» WHAT TO WORK ON
Print each line below verbatim, skipping every picture.

Records from a data source
================

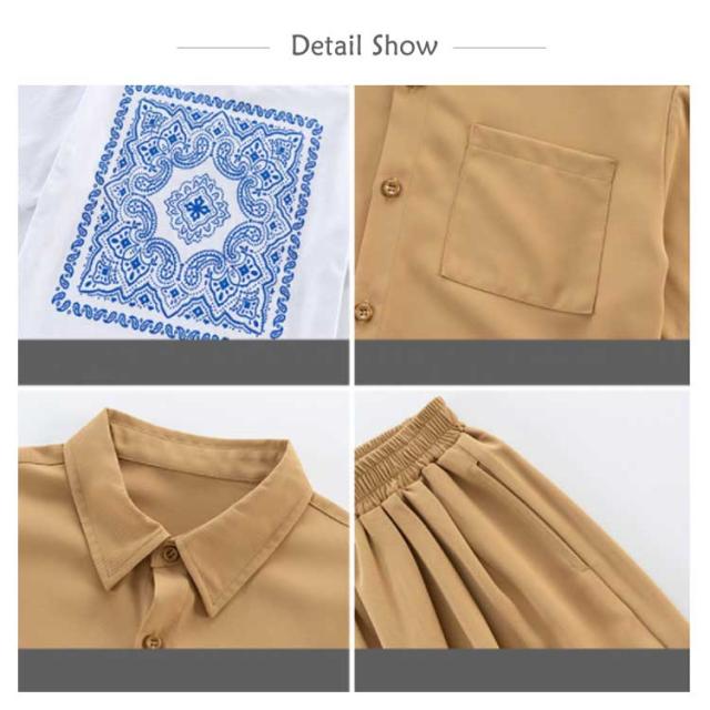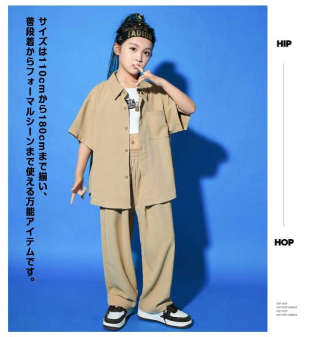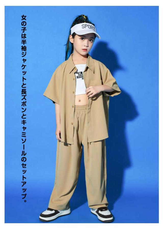 ダンス衣装 キッズ シャツジャケット カーゴパンツ ワイドパンツ ロング丈 セットアップ 夏用 カジュアルスーツ 3点セット 男の子 女の子 演出服 茶色 舞台服 練習着 ストリート系 ジャズダンス かっこいい 普段着 子供服 110−180cm 送料無料
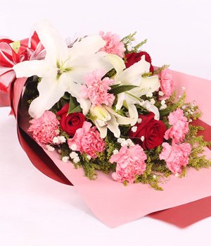 The Root & Green LeavesMixed hand bouquet includes 8 pink carnations, 2 stalks white perfume lilies and 3 stem red roses for express affection like the root and the green leaves. |
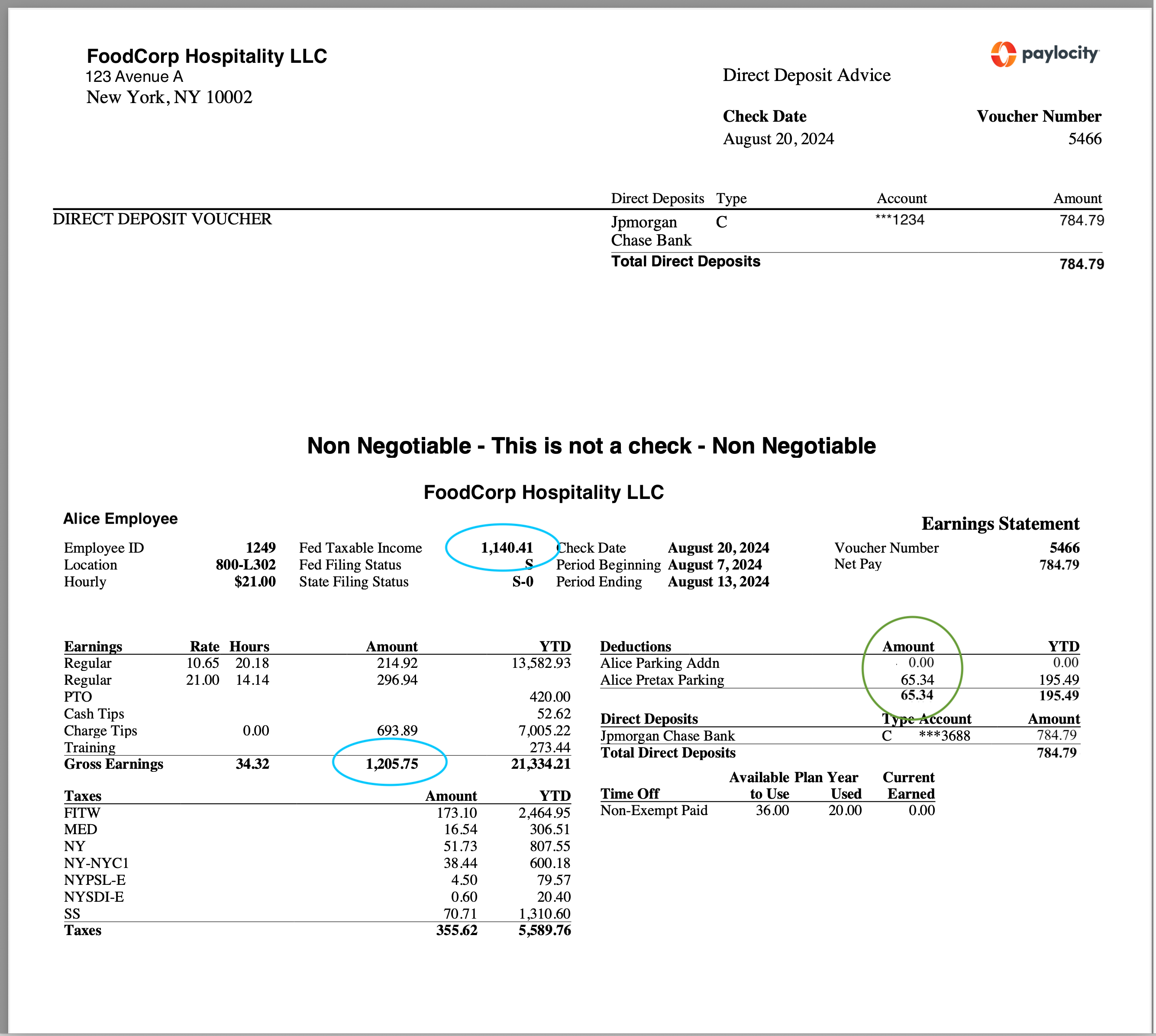 - Because they spent $65.34 on parking with their own card, Alice ran a matching $65.34 reimbursement (which Paylocity here calls an "Addn" and shows as negative) and $65.34 deduction. Comparing the values in blue, you can see their Fed Taxable Income is exactly $65.34 less than their Gross Earnings.
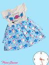 - Design: The dress features a white top with a graphic print including blooming flowers, hands, and the inspirational quote "TRUST YOUR INSTINCTS WATCH YOUR MAGIC GROW". The skirt portion is blue with an all-over print of hearts in various shades of blue, pink, and white. A bow detail is also visible near the neckline.
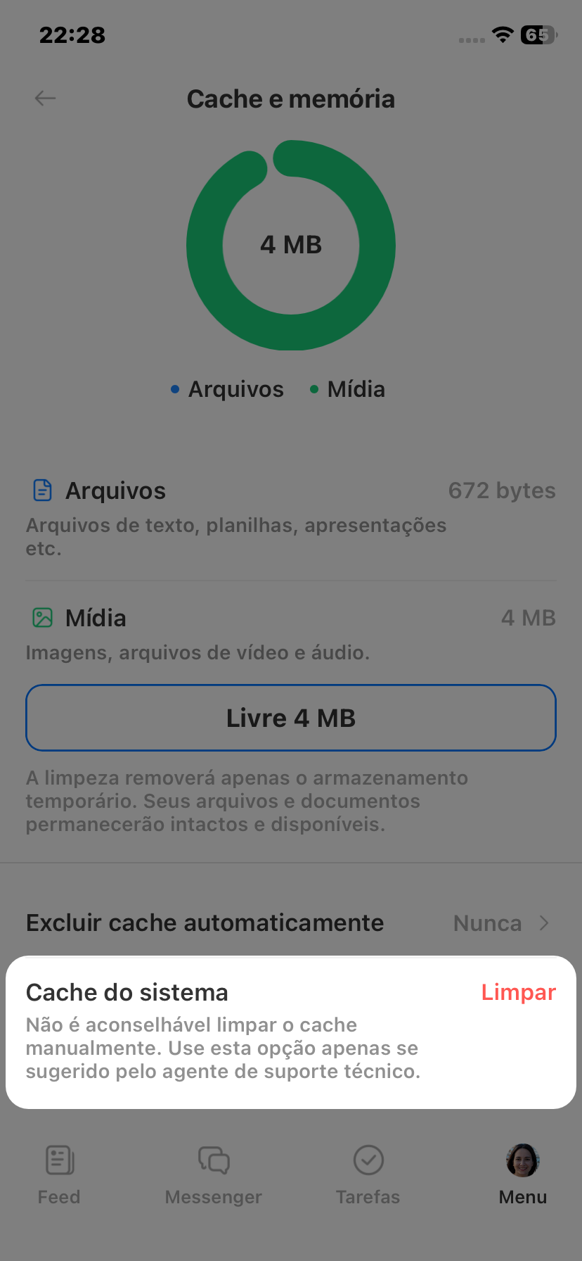 Limpar o cache do sistema. São dados técnicos que ajudam o aplicativo a funcionar corretamente. Limpe o cache do sistema somente sob orientação do suporte técnico, se for necessário resolver um problema específico no aplicativo. Para isso, toque em Limpar; a ação será executada imediatamente e uma confirmação aparecerá na tela.
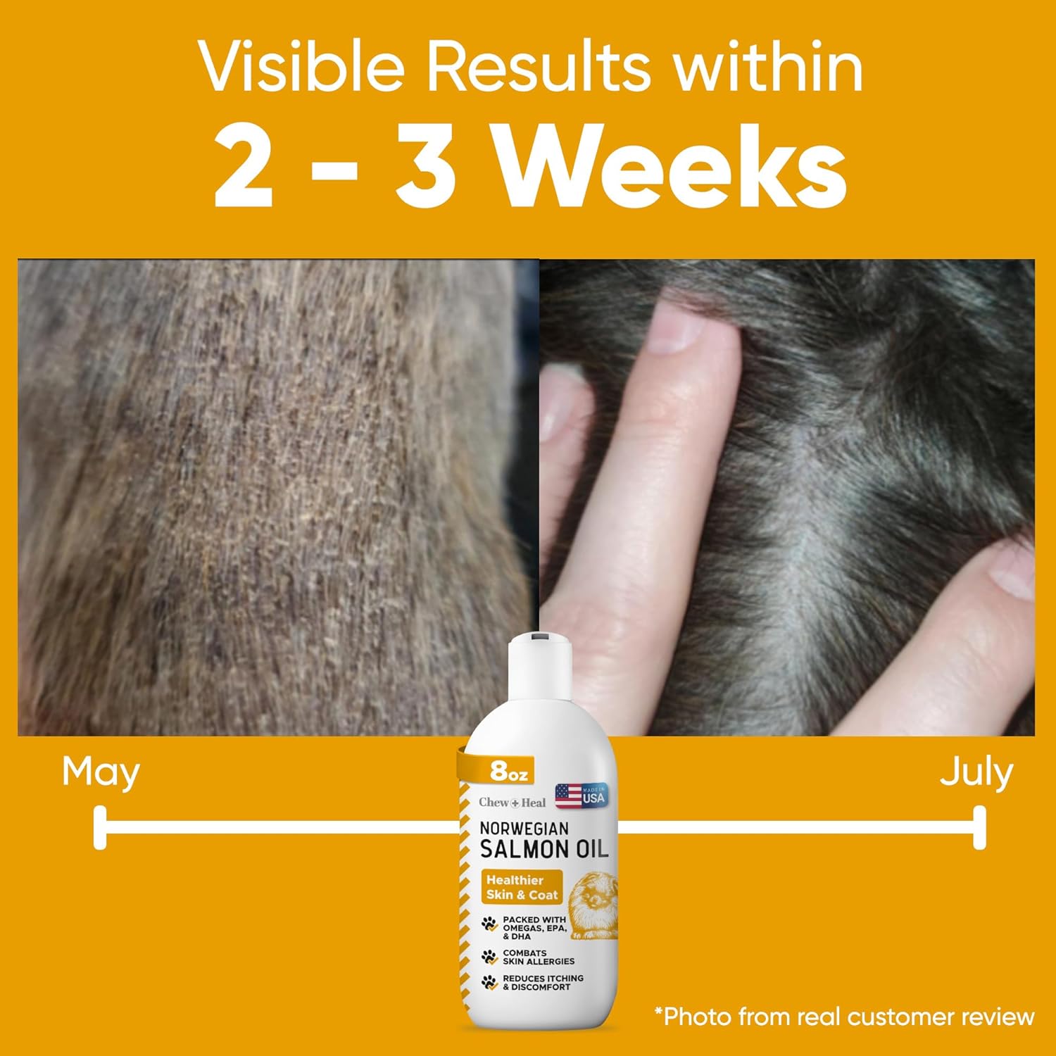 - Chew + Heal's Norwegian salmon oil for dog food is packed with omega-3 fatty acids to promote healthy and happy fur for your dog.

================

» RESPONSE
 ダンス衣装 キッズ シャツジャケット カーゴパンツ ワイドパンツ ロング丈 セットアップ 夏用 カジュアルスーツ 3点セット 男の子 女の子 演出服 茶色 舞台服 練習着 ストリート系 ジャズダンス かっこいい 普段着 子供服 110−180cm 送料無料
 The Root & Green LeavesMixed hand bouquet includes 8 pink carnations, 2 stalks white perfume lilies and 3 stem red roses for express affection like the root and the green leaves. |
 - Because they spent $65.34 on parking with their own card, Alice ran a matching $65.34 reimbursement (which Paylocity here calls an "Addn" and shows as negative) and $65.34 deduction. Comparing the values in blue, you can see their Fed Taxable Income is exactly $65.34 less than their Gross Earnings.
 - Design: The dress features a white top with a graphic print including blooming flowers, hands, and the inspirational quote "TRUST YOUR INSTINCTS WATCH YOUR MAGIC GROW". The skirt portion is blue with an all-over print of hearts in various shades of blue, pink, and white. A bow detail is also visible near the neckline.
 Limpar o cache do sistema. São dados técnicos que ajudam o aplicativo a funcionar corretamente. Limpe o cache do sistema somente sob orientação do suporte técnico, se for necessário resolver um problema específico no aplicativo. Para isso, toque em Limpar; a ação será executada imediatamente e uma confirmação aparecerá na tela.
 - Chew + Heal's Norwegian salmon oil for dog food is packed with omega-3 fatty acids to promote healthy and happy fur for your dog.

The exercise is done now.